I’m running into an issue with the onnx conversion of the ImageScaler Operation. The Onnx operator has 2 attributes ‘scale’ (single scalar value) and ‘bias’ (list of values, one per channel of ImageScaler input) nnvm/frontend/onnx.py is converting this into two operators, mul_scalar and broadcast_add.
nnvm/frontend/onnx.py:
284 class ImageScaler(OnnxOpConverter):
285
286 @classmethod
287 def _impl_v1(cls, inputs, attr, params):
288 channelScale = attr['scale']
289 bias_attr = attr['bias']
290 bias = SymbolTable().new_const(np.array(bias_attr).reshape([3, 1, 1]))
291 scaledChannel = _sym.__mul_scalar__(inputs[0], scalar=channelScale)

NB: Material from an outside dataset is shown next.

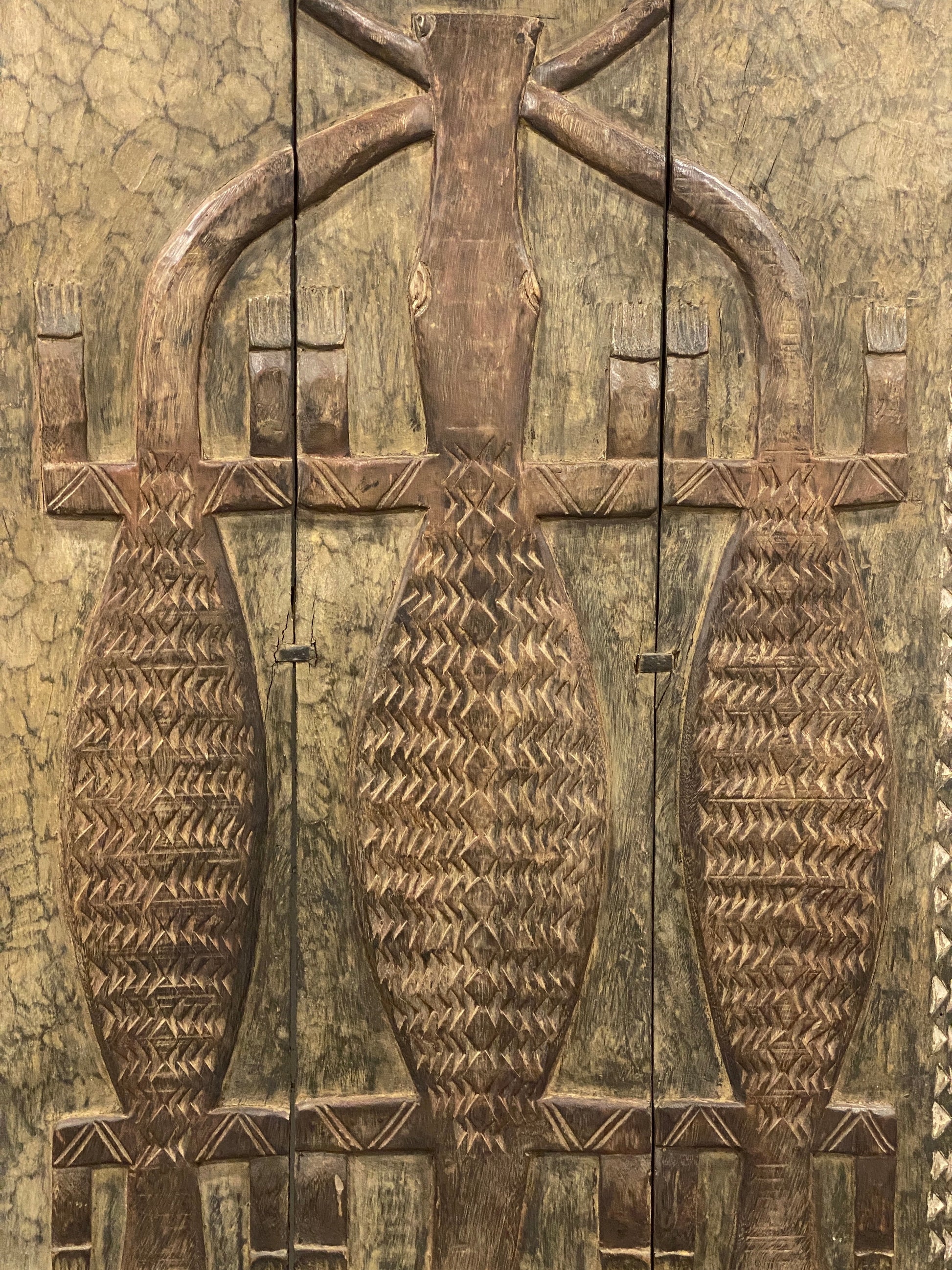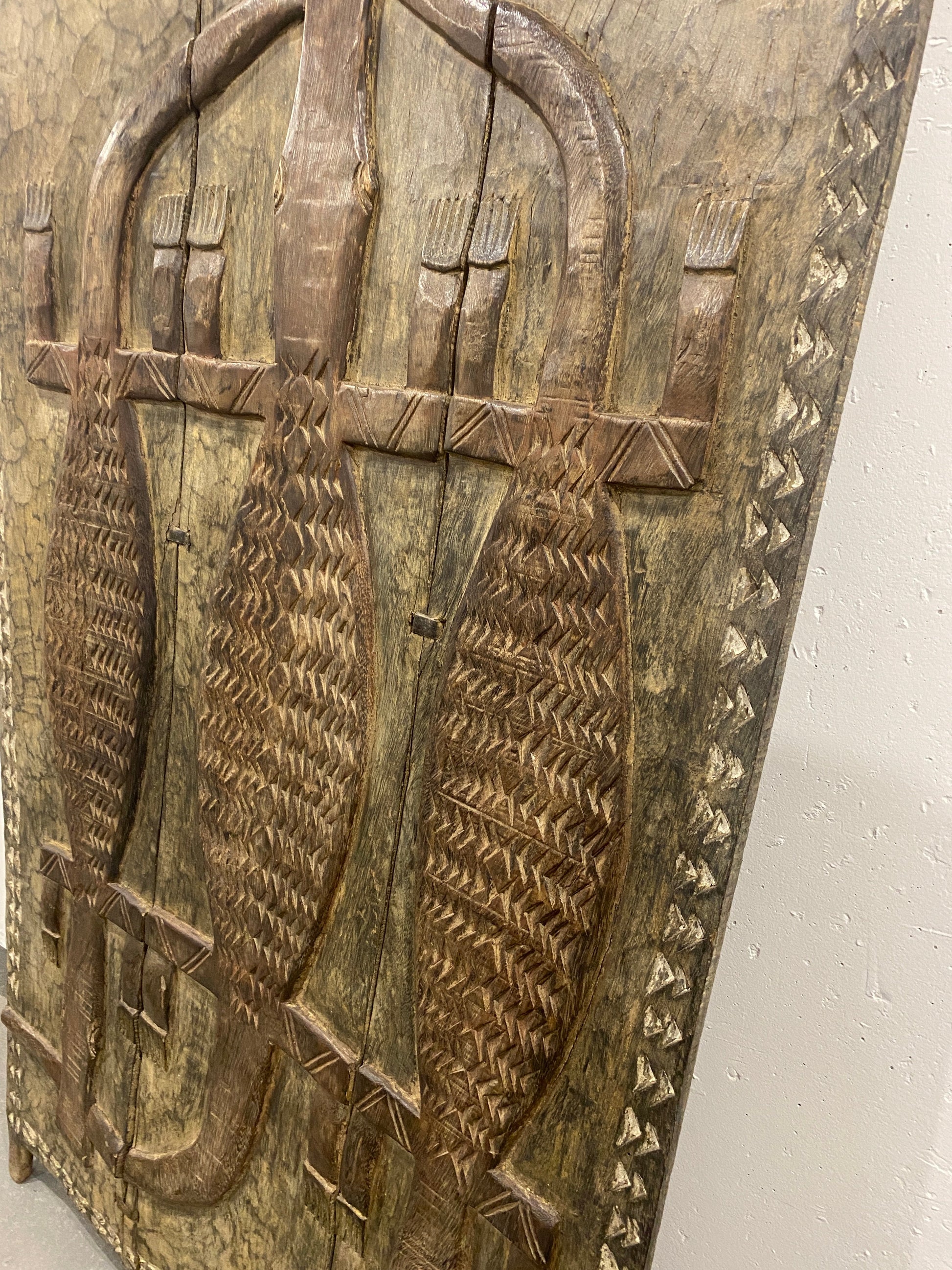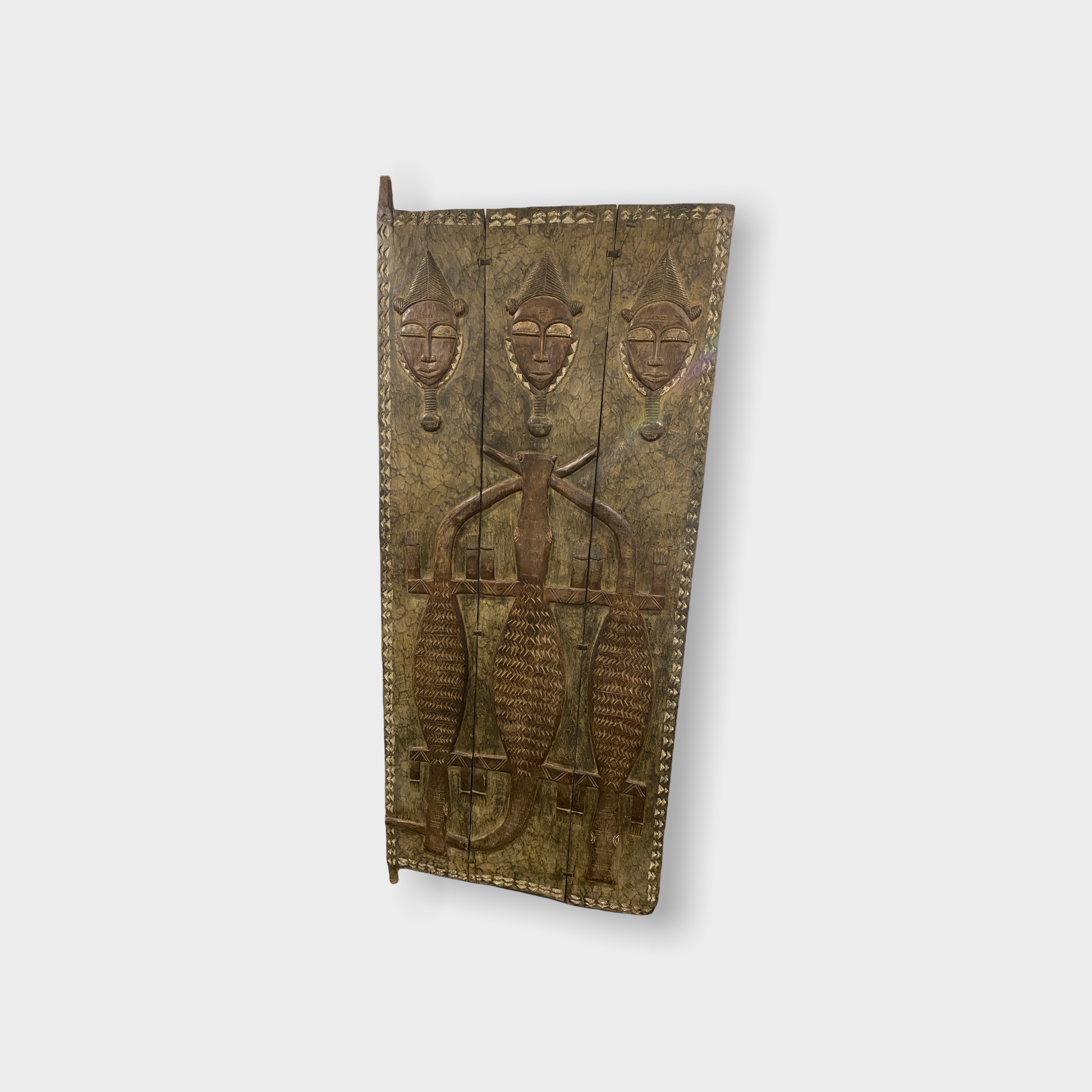 This Baule traditional very old door is embellished with objects which facilitate the relationship between the living world and spiritual. They are known as Anuan, showing hand carved animal and human and sometimes vegetation motifs. They were once used as entrance doors to courtyard houses.

292 ret = _sym.broadcast_add(scaledChannel, bias)
293 return ret
The problem i’m having is i believe line 290 causes the nnvm.frontend.from_onnx(model) to create another variable named ‘_param_1’. If i don’t supply this in the input_shape_dict when calling nnvm.compiler.build() I will get an error. In addition the 2nd parameter from ‘from_onnx’ return value (which should be parameters) is empty, so when creating the runtime, even if i add to input_shape_dict a shape for ‘_param_1’ it’s value is not properly initialized and (I believe this is the reason) I get non-deterministic results for this graph.
Any ideas how I should change the ImageScalar converter?